Maybe I'm being naïve, but the inevitable PR discovery of RSS doesn't worry me the way it worries these folks:
So much for RSS The PR People know about RSS now … only a matter of time before it becomes useless. Advertising, PR, and Marketing destroy everything they touch on the internet. [ Lucas Thompson, Sleep When You're Dead]
Attack of the PR people It was only a matter of time before the industry sharks descended on innocent bloggers, coming up with ways to "nudge" them into mentioning their clients' products and services. "Hey, Andrew, as you write about the great victory in Iraq, you might want to let your readers know that those missles were built by Raytheon...." Expect to see more and more of this, ye who run the Big Blogs. [ The Peking Duck]
This is a publish/subscribe medium. If feeds are interesting, we read them, and even sometimes respond to them. If feeds are boring or annoying, we drop them.

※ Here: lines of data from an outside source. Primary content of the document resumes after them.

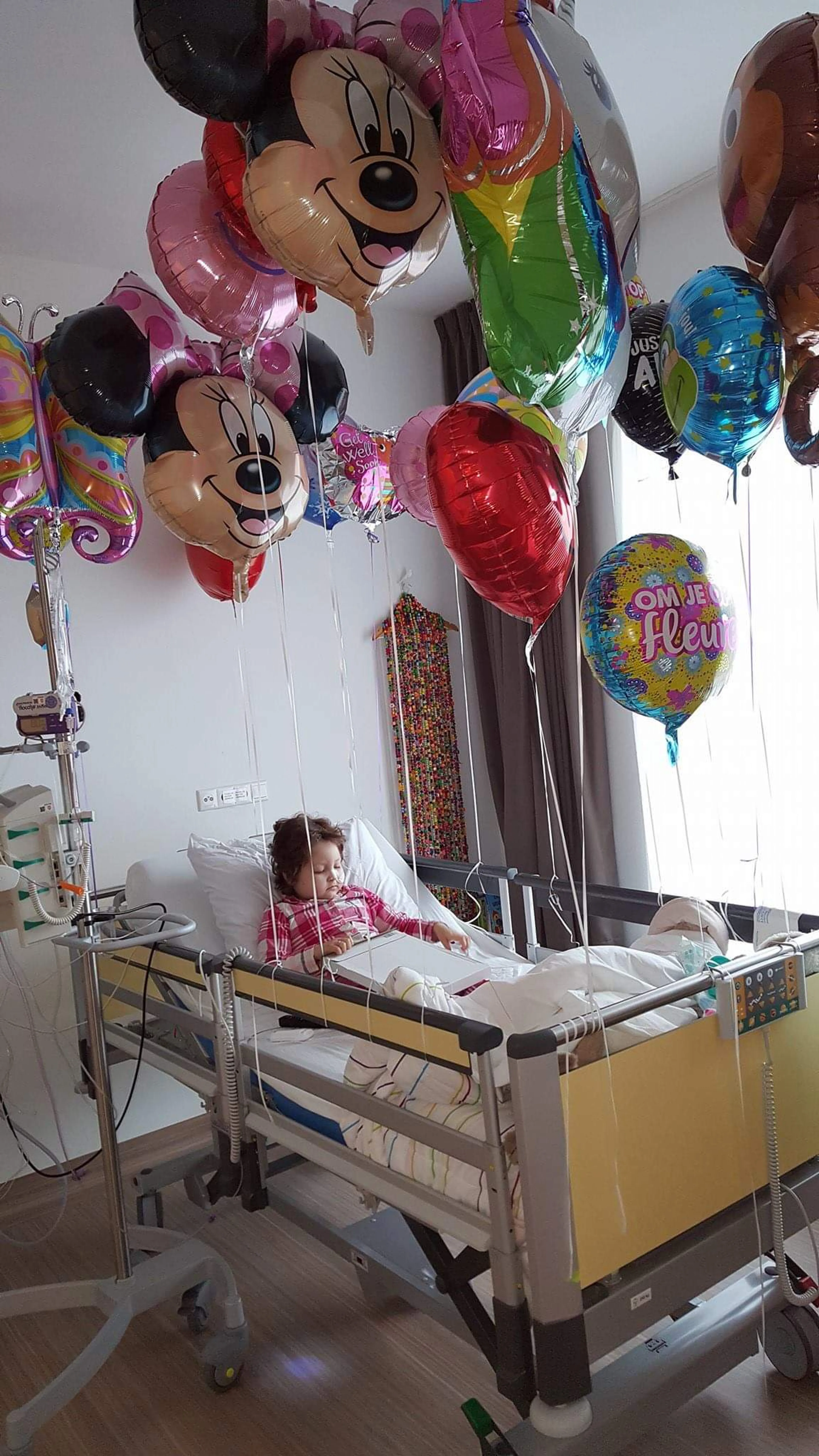 “Het was 8 februari 2013. Een dag die ik nooit meer zal vergeten, want toen ik Phéline s’morgens verschoonde zag ik op haar benen ruim 200 kleine puntbloedinkjes zitten. Dat was zo ongeveer het laatste symptoom wat nog ontbrak aan de lange rij van symptomen die bij leukemie hoorden en die ik in de weken daarvoor al bij haar had opgemerkt. Naast dat zij zo vaak ziek was, had ik de laatste dagen ook onverklaarbare blauwe plekken op haar lichaam zien verschijnen. Iets wat niet normaal was, aangezien zij al een aantal dagen ziek in bed lag. Ik belde opnieuw naar de huisarts, maar er werd geadviseerd om het nog een weekend aan te kijken. Om gek van te worden! Ik wist gewoon zeker dat er iets heel ergs met Phéline aan de hand was. Tegen mijn gewoonte in, heb ik geëist dat Phéline nog diezelfde dag verder onderzocht zou worden. Ik geloof dat ik mijn wanhoop goed heb overgebracht, want ik werd na al die weken eindelijk serieus genomen. Het bloed van Phéline werd meteen onderzocht."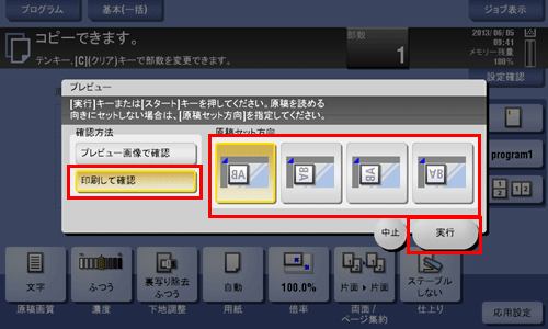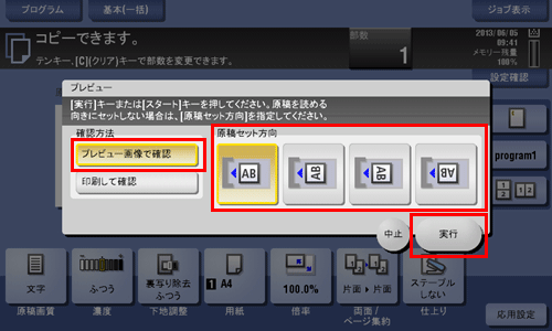 スタートを押す前に[プレビュー]をタップすると、仕上り状態をタッチパネル上で確認できます。仕上りを確認する方法については、こちらをごらんください。
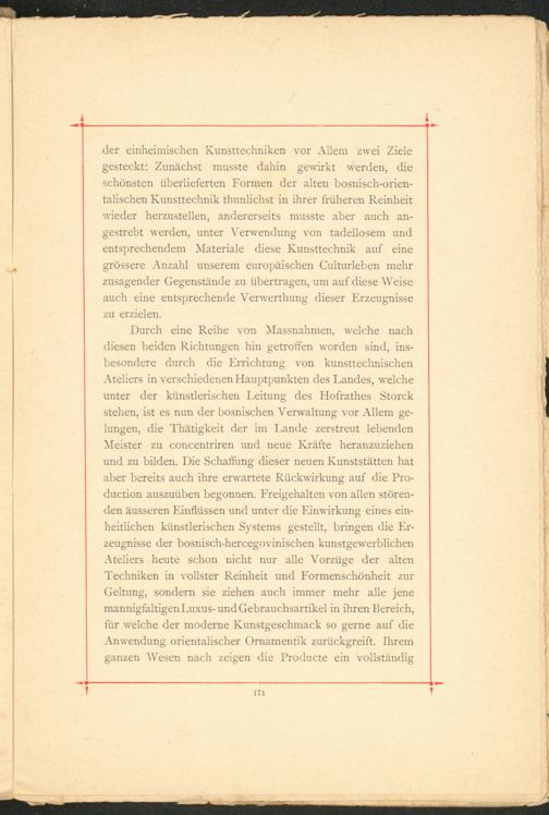 der einheimischen Kunsttechniken vor Allem zwei Ziele gesteckt: Zunächst musste dahin gewirkt werden, die schönsten überlieferten Formen der alten bosnisch-orien­talischen Kunsttechnik thunlichst in ihrer früheren Reinheit wieder herzustellen, andererseits musste aber auch an­gestrebt werden, unter Verwendung von tadellosem und entsprechendem Materiale diese Kunsttechnik auf eine grössere Anzahl unserem europäischen Culturleben mehr zusagender Gegenstände zu übertragen, um auf diese Weise auch eine entsprechende Verwerthung dieser Erzeugnisse zu erzielen.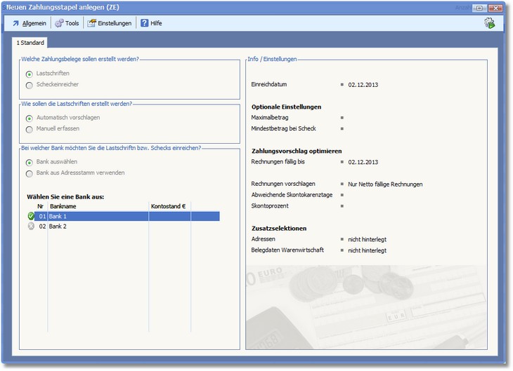 Legen Sie in diesem Bereich durch Aktivierung der entsprechenden Option fest, ob Sie Lastschriften oder Scheckeinreicher erstellen wollen.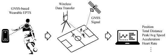 Since the German national football (The term football in this work refers to soccer or association football.) team dominated the World Cup in 2014 with various IT technologies [], the use of an electronic performance tracking system (EPTS) has been gaining huge popularity in the football industry and now has been standardized by FIFA to be used even at the international matches []. Basically, an EPTS device can be attached to the body of football players during the match (or training) time, sensing a number of data related to the athletic and strategic performances. As exemplified in Figure 1, the EPTS device may have a positioning system assisted by numerous calibration sensors [,,], collecting quantitative data such as total distance covered, peak/average speed, or other physiological data. These on-site measurements can be used for analyzing the physical workloads of each player, providing valuable insights to optimize the performance [,]. Considering the agile movements of football players, the accurate positioning solution is one of the key technologies, which can be realized by an optical-based tracking system (OTS), a local positioning system (LPS), or a global navigation satellite system (GNSS) []. While the OTS and LPS show a high sampling rate and measurement accuracy, both systems typically require high-cost calibration infrastructures installed around the stadium []. On the other hand, the GNSS-based EPTS device is usable in any open field, whereas the position and speed are directly measured using satellite signals, as shown in Figure 1. Due to the intrinsic errors of the GNSS module [,], the MEMS-based inertia measurement unit (IMU) module is in general integrated into the GNSS-based EPTS device to provide more accurate information [,,].
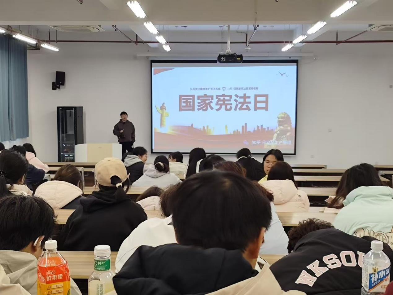为深入学习贯彻习近平法治思想,全面推进宪法宣传教育走深走实,现代服务学院积极响应九江市《2025年“宪法宣传周”工作方案》文件精神,于12月3日下午4时在一教116教室举行2025年“国家宪法日”有奖知识竞赛。本次活动面向法律事务专业25级新生,吸引了100余名学子踊跃参与,通过以赛促学的方式,有效提升了学生的专业认知和法治素养,营造了浓厚的校园法治文化氛围。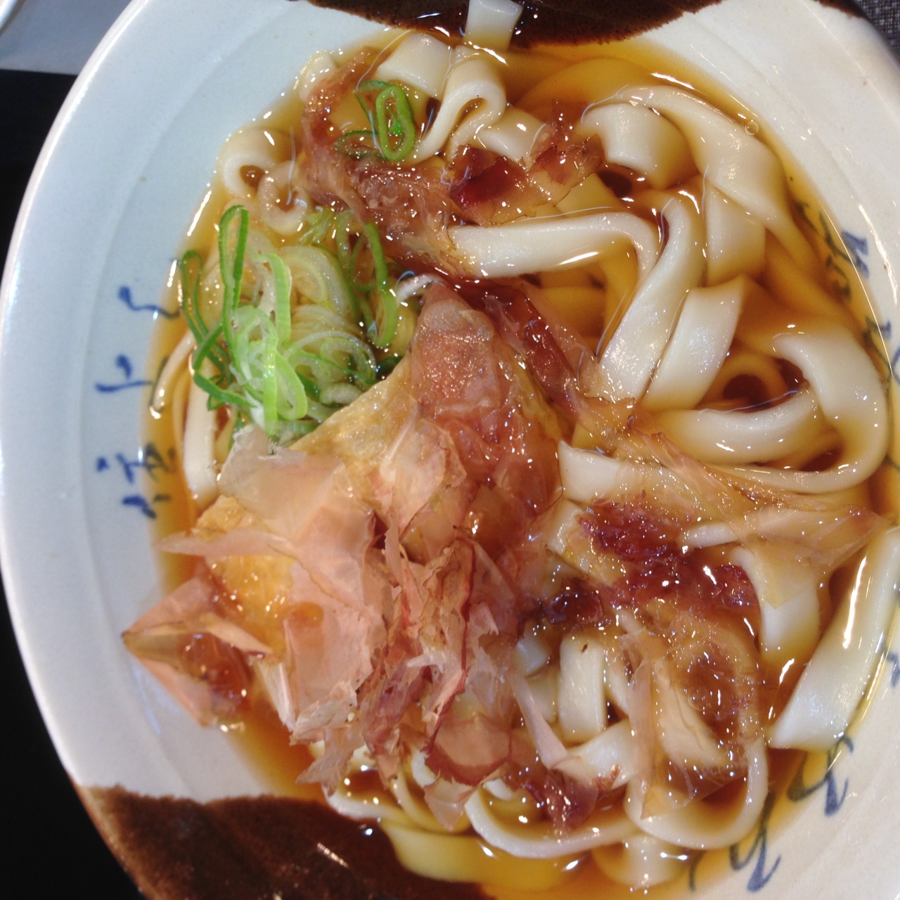 カツオダシでさらに鰹節が入っており、麺はツルツル。これなら朝早くても、飲んだ後でも食べれそう。

Both outcomes are exquisitely measurable, which is something PR folk should pay particular attention to.
Here's what the pattern has been:
1) A marketing person is shepherded to a meeting by
1a) the PR analyst minder, if it's an analyst meeting
1b) the PR press minder, if it's a press meeting
2) Information is breathlessly conveyed to
2a) the analyst, who hopes it will help him get quoted by the
likes of
2b) the reporter, who often doesn't know what it's about, but will
pass it along
Missing completely from this whisper chain: the people who invented
the technology being discussed, and the people who really care and
need to know about it. Now, all of a sudden, these two groups can
connect directly by way of pub/sub.
I believe journalism can still usefully intermediate. But our information monopoly is weakening. The value of our work never should have depended, and now increasingly will not depend, on privileged access to people and to information. It will, instead, depend on our ability to perform the highest and best functions of publishing: selection, analysis, coherent narrative. If I do that consistently, you'll read me. If I don't, you won't.
I also believe PR can still usefully intermediate. Public relations is about brokering connections. What's new here is the possibility of helping end-to-end connections form. They will anyway. PR's legitimate role is to make the process as frictionless and productive as it can be.
Of course PR will try to game the system. That's part of the job. I expect I'll be asking myself, at some point, whether some executive's or architect's blog was really written by that person, or ghost-written by PR. But I don't think that's going to be an easy Turing test to pass. Direct contact with another mind, over time, has a deep authenticity that is hard (maybe impossible) to fake. The best PR agents I've worked with make those contacts happen. I'm tempted to add: "and then they get out of the way." But it's not that simple.
Beyond merely brokering connections, PR agents assist with communication strategy. Here's where things could start to get really interesting. We are all professional communicators, all the time, but most of us are not very aware of the strategies we could and should employ to be maximally effective. One way to look at PR is as an outsourced provider of such awareness. My $0.02: effective communication strategy is one of those core competencies that you cannot outsource. It's something we'll all need to internalize. Will PR agents become coaches and mentors, helping individuals within companies do that? Again, the best of them already are.